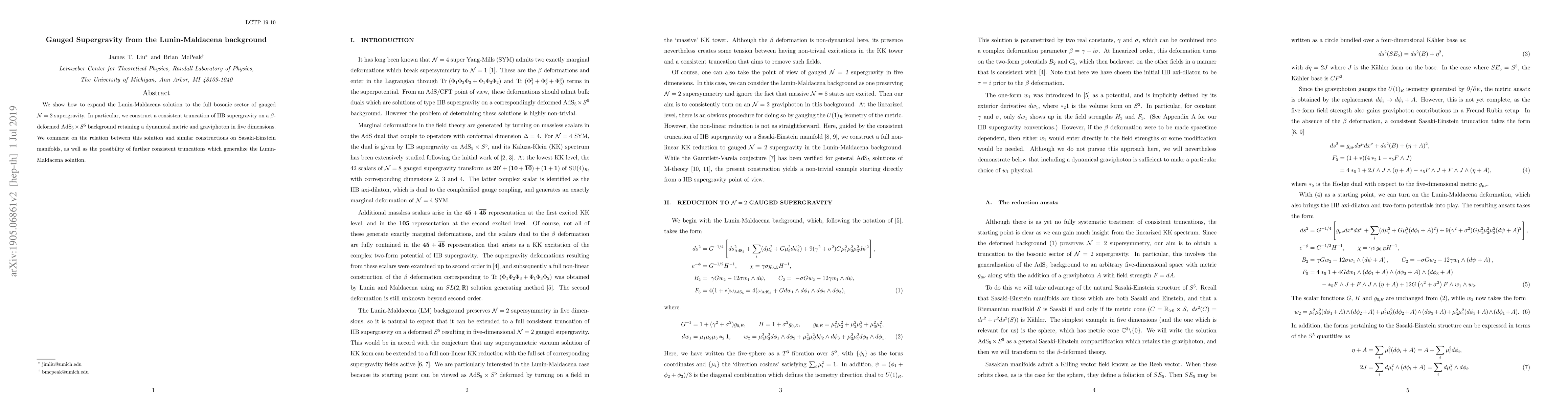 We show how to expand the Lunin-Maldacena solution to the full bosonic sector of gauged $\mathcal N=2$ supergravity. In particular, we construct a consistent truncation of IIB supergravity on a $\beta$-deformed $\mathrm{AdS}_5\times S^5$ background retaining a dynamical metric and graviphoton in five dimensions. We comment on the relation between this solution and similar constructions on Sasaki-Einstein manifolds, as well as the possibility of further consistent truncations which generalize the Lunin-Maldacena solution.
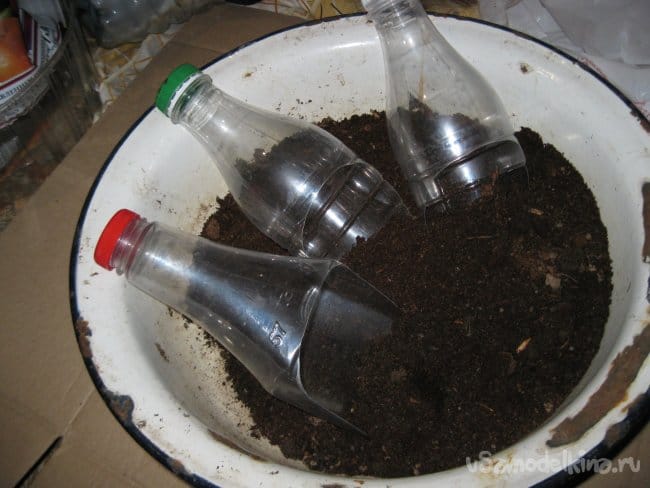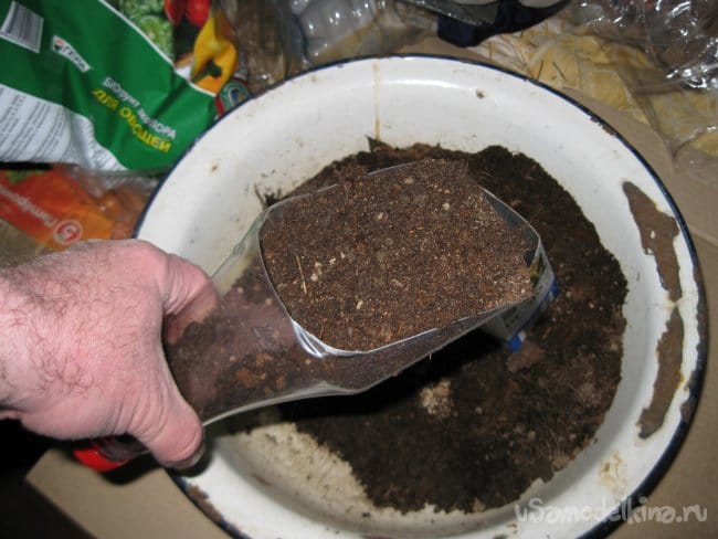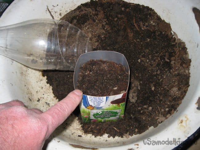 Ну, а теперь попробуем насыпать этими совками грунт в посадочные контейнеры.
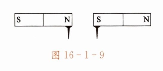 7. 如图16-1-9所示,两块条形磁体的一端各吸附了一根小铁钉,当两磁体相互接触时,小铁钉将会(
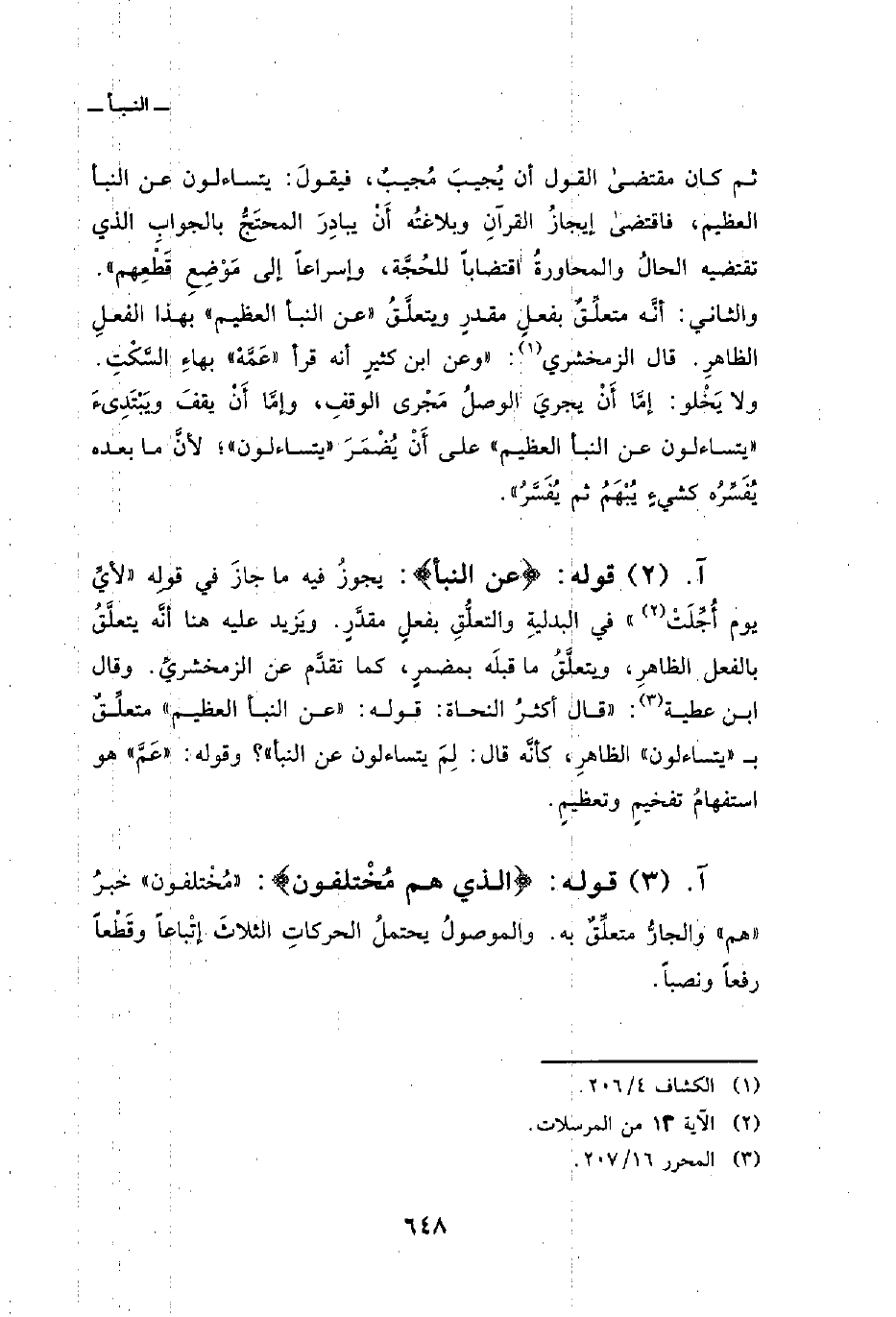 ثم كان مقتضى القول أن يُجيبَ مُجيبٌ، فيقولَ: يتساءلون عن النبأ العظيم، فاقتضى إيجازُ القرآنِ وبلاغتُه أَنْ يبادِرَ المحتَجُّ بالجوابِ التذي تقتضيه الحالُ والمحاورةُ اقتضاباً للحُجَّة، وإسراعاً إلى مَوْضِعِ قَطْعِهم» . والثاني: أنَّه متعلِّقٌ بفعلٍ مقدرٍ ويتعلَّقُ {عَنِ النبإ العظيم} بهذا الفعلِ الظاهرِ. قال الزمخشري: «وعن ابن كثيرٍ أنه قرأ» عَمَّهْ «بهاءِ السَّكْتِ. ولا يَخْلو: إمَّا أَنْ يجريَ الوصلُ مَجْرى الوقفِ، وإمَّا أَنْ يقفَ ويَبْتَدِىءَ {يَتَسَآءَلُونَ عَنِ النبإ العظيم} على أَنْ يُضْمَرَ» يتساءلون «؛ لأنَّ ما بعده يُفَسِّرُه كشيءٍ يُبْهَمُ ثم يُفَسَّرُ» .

#### The problem:
Drop the pictures and copy the data exactly.

#### Solution:
 We show how to expand the Lunin-Maldacena solution to the full bosonic sector of gauged $\mathcal N=2$ supergravity. In particular, we construct a consistent truncation of IIB supergravity on a $\beta$-deformed $\mathrm{AdS}_5\times S^5$ background retaining a dynamical metric and graviphoton in five dimensions. We comment on the relation between this solution and similar constructions on Sasaki-Einstein manifolds, as well as the possibility of further consistent truncations which generalize the Lunin-Maldacena solution.
 Ну, а теперь попробуем насыпать этими совками грунт в посадочные контейнеры.
 7. 如图16-1-9所示,两块条形磁体的一端各吸附了一根小铁钉,当两磁体相互接触时,小铁钉将会(
 ثم كان مقتضى القول أن يُجيبَ مُجيبٌ، فيقولَ: يتساءلون عن النبأ العظيم، فاقتضى إيجازُ القرآنِ وبلاغتُه أَنْ يبادِرَ المحتَجُّ بالجوابِ التذي تقتضيه الحالُ والمحاورةُ اقتضاباً للحُجَّة، وإسراعاً إلى مَوْضِعِ قَطْعِهم» . والثاني: أنَّه متعلِّقٌ بفعلٍ مقدرٍ ويتعلَّقُ {عَنِ النبإ العظيم} بهذا الفعلِ الظاهرِ. قال الزمخشري: «وعن ابن كثيرٍ أنه قرأ» عَمَّهْ «بهاءِ السَّكْتِ. ولا يَخْلو: إمَّا أَنْ يجريَ الوصلُ مَجْرى الوقفِ، وإمَّا أَنْ يقفَ ويَبْتَدِىءَ {يَتَسَآءَلُونَ عَنِ النبإ العظيم} على أَنْ يُضْمَرَ» يتساءلون «؛ لأنَّ ما بعده يُفَسِّرُه كشيءٍ يُبْهَمُ ثم يُفَسَّرُ» .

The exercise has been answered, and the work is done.